START Stored data
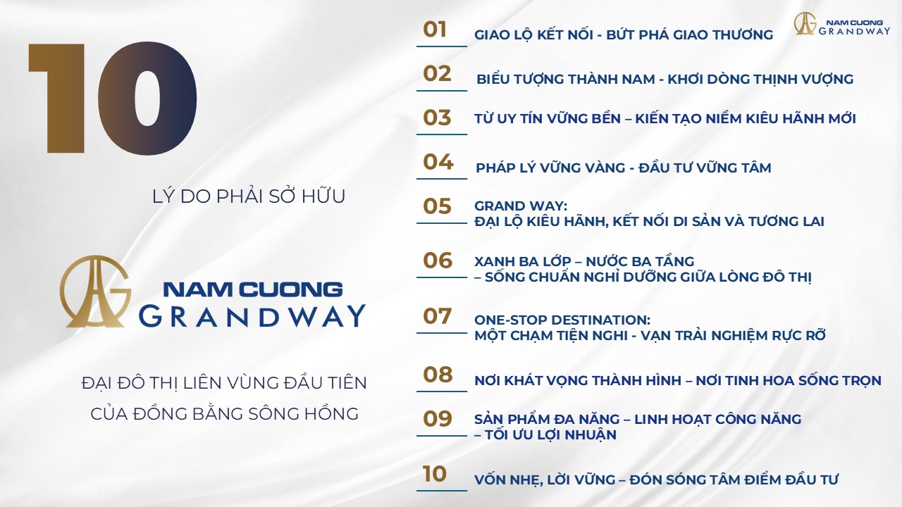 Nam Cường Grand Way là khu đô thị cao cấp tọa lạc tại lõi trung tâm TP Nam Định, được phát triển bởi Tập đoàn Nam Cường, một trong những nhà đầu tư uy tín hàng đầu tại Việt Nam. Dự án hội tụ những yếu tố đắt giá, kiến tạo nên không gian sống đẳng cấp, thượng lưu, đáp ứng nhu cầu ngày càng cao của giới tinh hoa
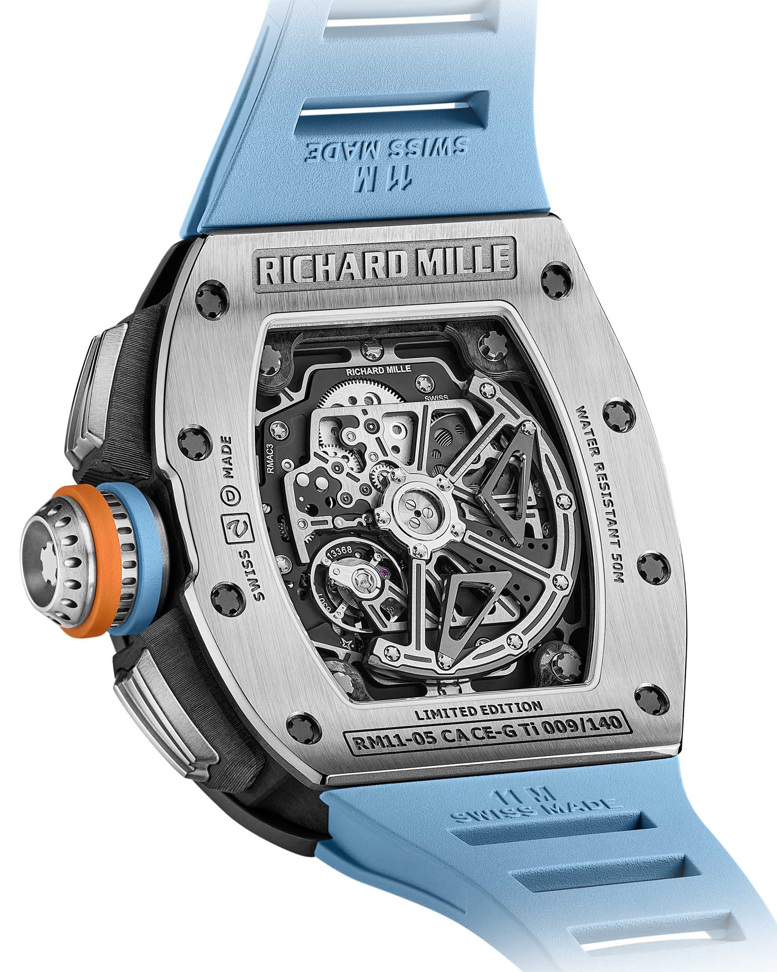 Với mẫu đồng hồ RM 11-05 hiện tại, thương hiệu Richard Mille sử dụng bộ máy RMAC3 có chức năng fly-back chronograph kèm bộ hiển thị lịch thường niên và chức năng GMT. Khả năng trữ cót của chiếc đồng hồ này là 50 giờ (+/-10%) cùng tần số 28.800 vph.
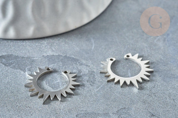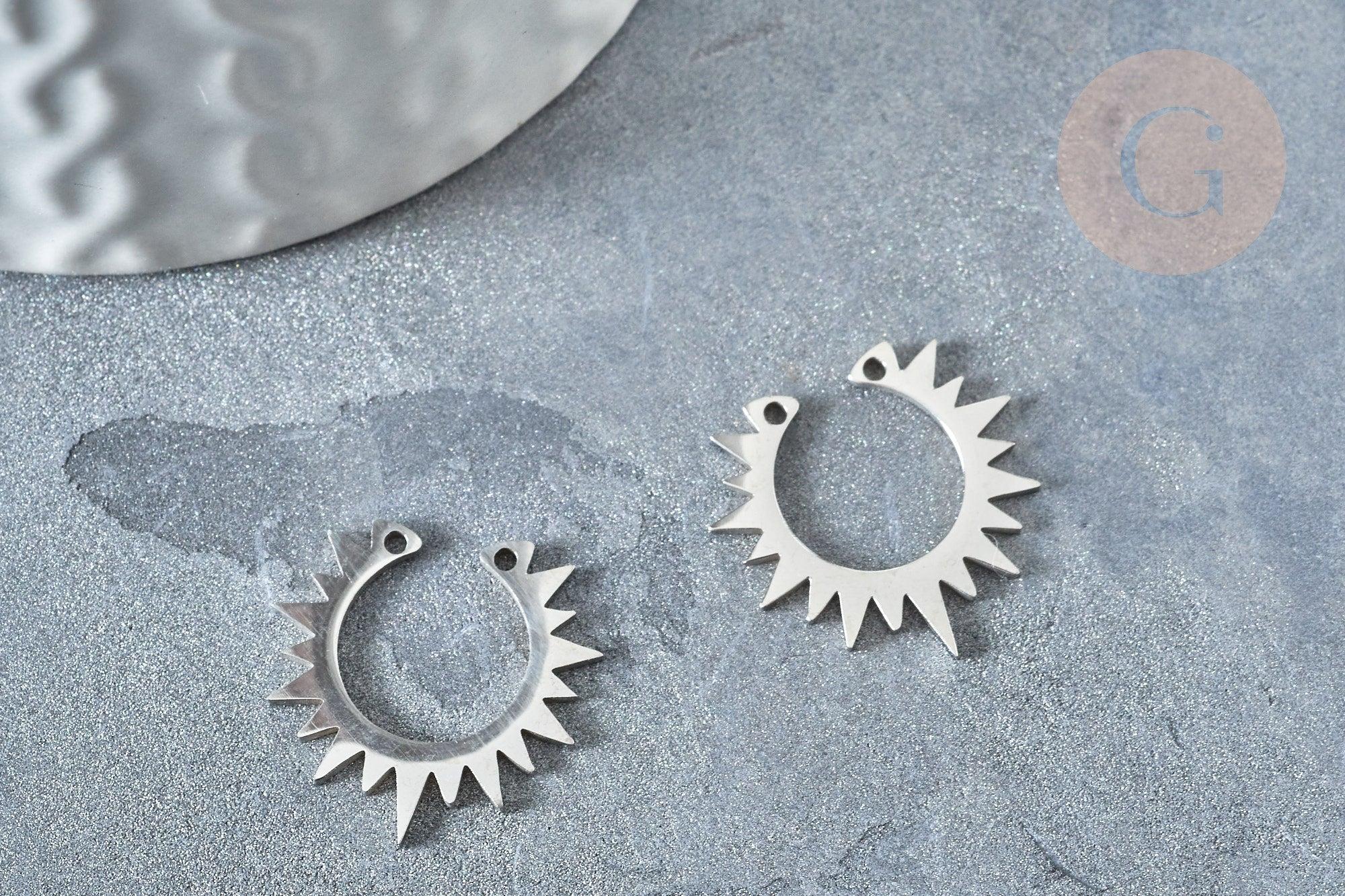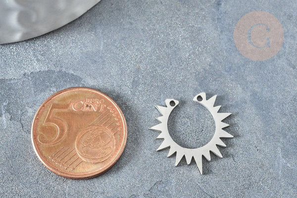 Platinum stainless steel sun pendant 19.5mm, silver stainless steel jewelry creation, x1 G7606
END Stored data
Task prompt: Output all of the data word for word, excluding any pictures.

Response area:
 Nam Cường Grand Way là khu đô thị cao cấp tọa lạc tại lõi trung tâm TP Nam Định, được phát triển bởi Tập đoàn Nam Cường, một trong những nhà đầu tư uy tín hàng đầu tại Việt Nam. Dự án hội tụ những yếu tố đắt giá, kiến tạo nên không gian sống đẳng cấp, thượng lưu, đáp ứng nhu cầu ngày càng cao của giới tinh hoa
 Với mẫu đồng hồ RM 11-05 hiện tại, thương hiệu Richard Mille sử dụng bộ máy RMAC3 có chức năng fly-back chronograph kèm bộ hiển thị lịch thường niên và chức năng GMT. Khả năng trữ cót của chiếc đồng hồ này là 50 giờ (+/-10%) cùng tần số 28.800 vph.
 Platinum stainless steel sun pendant 19.5mm, silver stainless steel jewelry creation, x1 G7606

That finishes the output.